= Activity =
From the line that contains "Люстра из коллекции" to the final line of the records below, print each line exactly and leave every picture out.

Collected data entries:
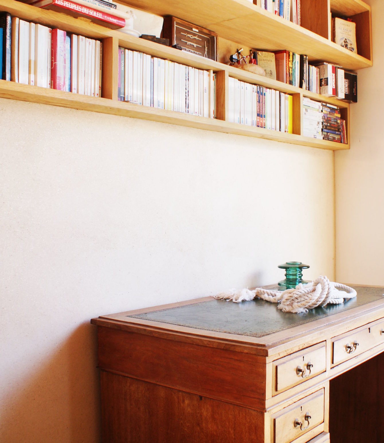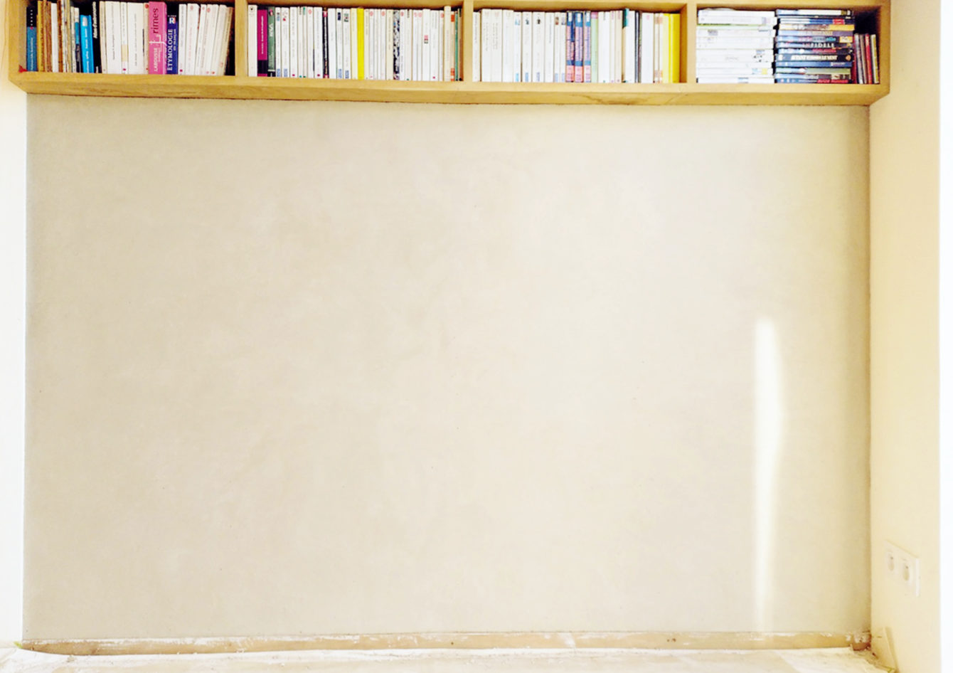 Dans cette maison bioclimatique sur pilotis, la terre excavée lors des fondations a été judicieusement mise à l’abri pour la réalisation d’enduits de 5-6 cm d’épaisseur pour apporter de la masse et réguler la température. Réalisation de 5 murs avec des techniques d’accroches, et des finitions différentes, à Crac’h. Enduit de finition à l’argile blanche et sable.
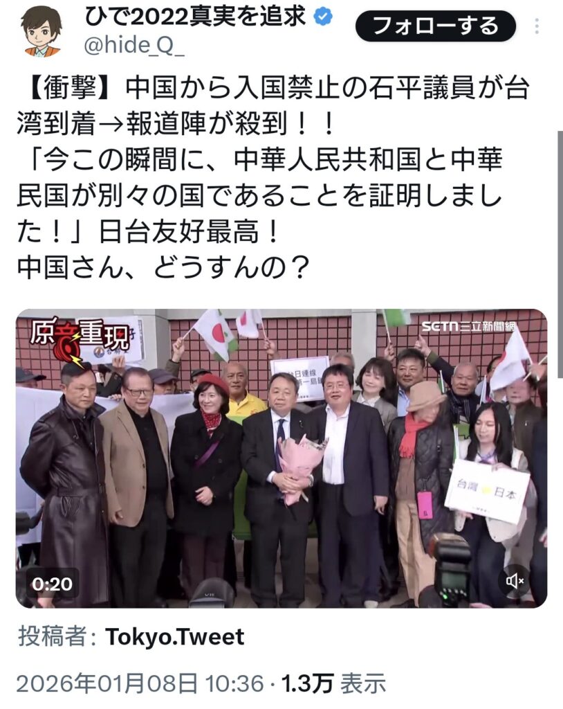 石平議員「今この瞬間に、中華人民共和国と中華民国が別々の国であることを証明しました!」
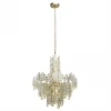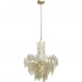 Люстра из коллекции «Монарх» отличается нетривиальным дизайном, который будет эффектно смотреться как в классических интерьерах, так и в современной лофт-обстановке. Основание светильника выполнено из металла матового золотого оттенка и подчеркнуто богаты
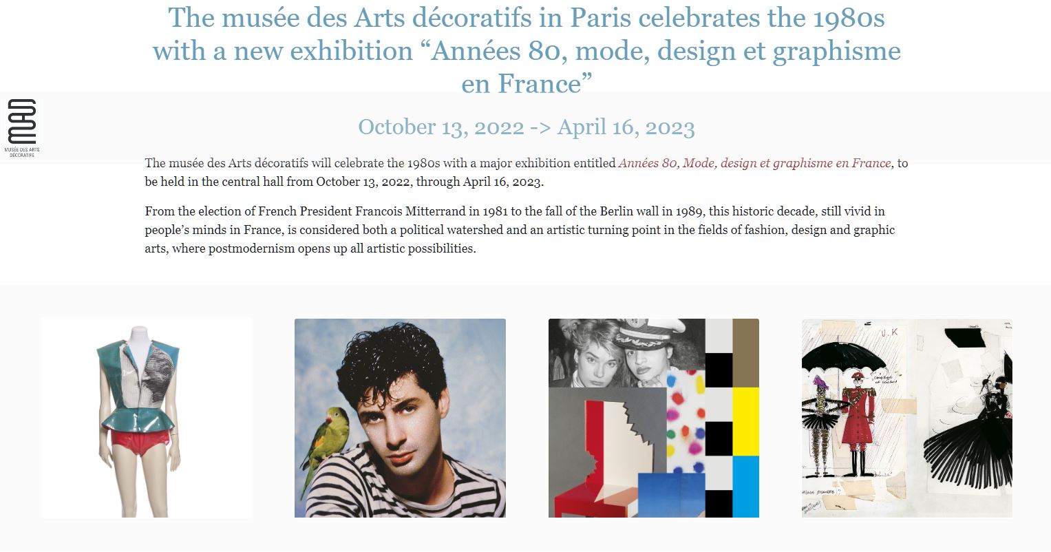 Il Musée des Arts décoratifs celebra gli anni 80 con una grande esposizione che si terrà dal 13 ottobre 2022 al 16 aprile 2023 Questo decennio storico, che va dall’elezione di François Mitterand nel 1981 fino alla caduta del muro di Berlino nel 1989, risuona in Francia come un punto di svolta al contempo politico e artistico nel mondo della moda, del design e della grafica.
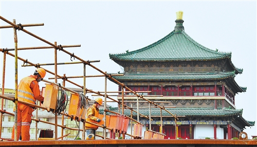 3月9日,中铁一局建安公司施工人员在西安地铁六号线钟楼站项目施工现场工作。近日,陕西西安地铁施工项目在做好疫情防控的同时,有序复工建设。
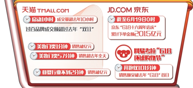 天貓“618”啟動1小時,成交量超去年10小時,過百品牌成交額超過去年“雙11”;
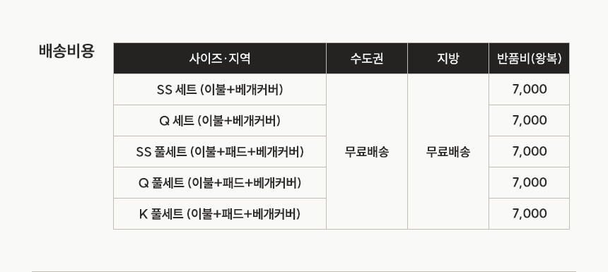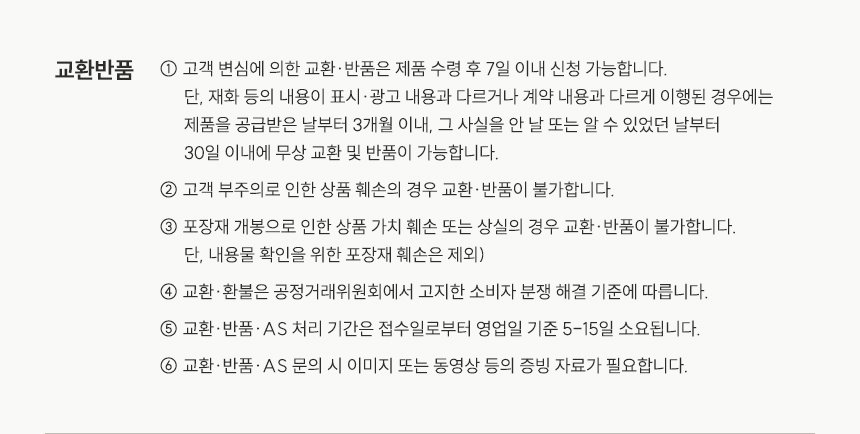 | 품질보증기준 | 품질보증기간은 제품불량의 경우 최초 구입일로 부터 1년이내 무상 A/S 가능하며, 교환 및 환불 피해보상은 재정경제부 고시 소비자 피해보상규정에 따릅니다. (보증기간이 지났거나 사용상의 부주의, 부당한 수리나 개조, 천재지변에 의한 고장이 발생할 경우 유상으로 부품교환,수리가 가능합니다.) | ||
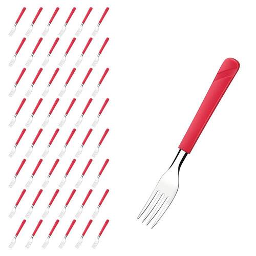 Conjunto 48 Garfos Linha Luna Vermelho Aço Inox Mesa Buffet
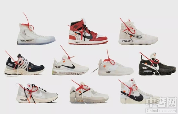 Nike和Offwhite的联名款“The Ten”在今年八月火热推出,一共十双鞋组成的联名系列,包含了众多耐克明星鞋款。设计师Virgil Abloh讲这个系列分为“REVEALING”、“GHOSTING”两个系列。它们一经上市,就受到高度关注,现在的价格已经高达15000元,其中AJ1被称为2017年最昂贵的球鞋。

= Answer section =
 Люстра из коллекции «Монарх» отличается нетривиальным дизайном, который будет эффектно смотреться как в классических интерьерах, так и в современной лофт-обстановке. Основание светильника выполнено из металла матового золотого оттенка и подчеркнуто богаты
 Il Musée des Arts décoratifs celebra gli anni 80 con una grande esposizione che si terrà dal 13 ottobre 2022 al 16 aprile 2023 Questo decennio storico, che va dall’elezione di François Mitterand nel 1981 fino alla caduta del muro di Berlino nel 1989, risuona in Francia come un punto di svolta al contempo politico e artistico nel mondo della moda, del design e della grafica.
 3月9日,中铁一局建安公司施工人员在西安地铁六号线钟楼站项目施工现场工作。近日,陕西西安地铁施工项目在做好疫情防控的同时,有序复工建设。
 天貓“618”啟動1小時,成交量超去年10小時,過百品牌成交額超過去年“雙11”;
 | 품질보증기준 | 품질보증기간은 제품불량의 경우 최초 구입일로 부터 1년이내 무상 A/S 가능하며, 교환 및 환불 피해보상은 재정경제부 고시 소비자 피해보상규정에 따릅니다. (보증기간이 지났거나 사용상의 부주의, 부당한 수리나 개조, 천재지변에 의한 고장이 발생할 경우 유상으로 부품교환,수리가 가능합니다.) | ||
 Conjunto 48 Garfos Linha Luna Vermelho Aço Inox Mesa Buffet
 Nike和Offwhite的联名款“The Ten”在今年八月火热推出,一共十双鞋组成的联名系列,包含了众多耐克明星鞋款。设计师Virgil Abloh讲这个系列分为“REVEALING”、“GHOSTING”两个系列。它们一经上市,就受到高度关注,现在的价格已经高达15000元,其中AJ1被称为2017年最昂贵的球鞋。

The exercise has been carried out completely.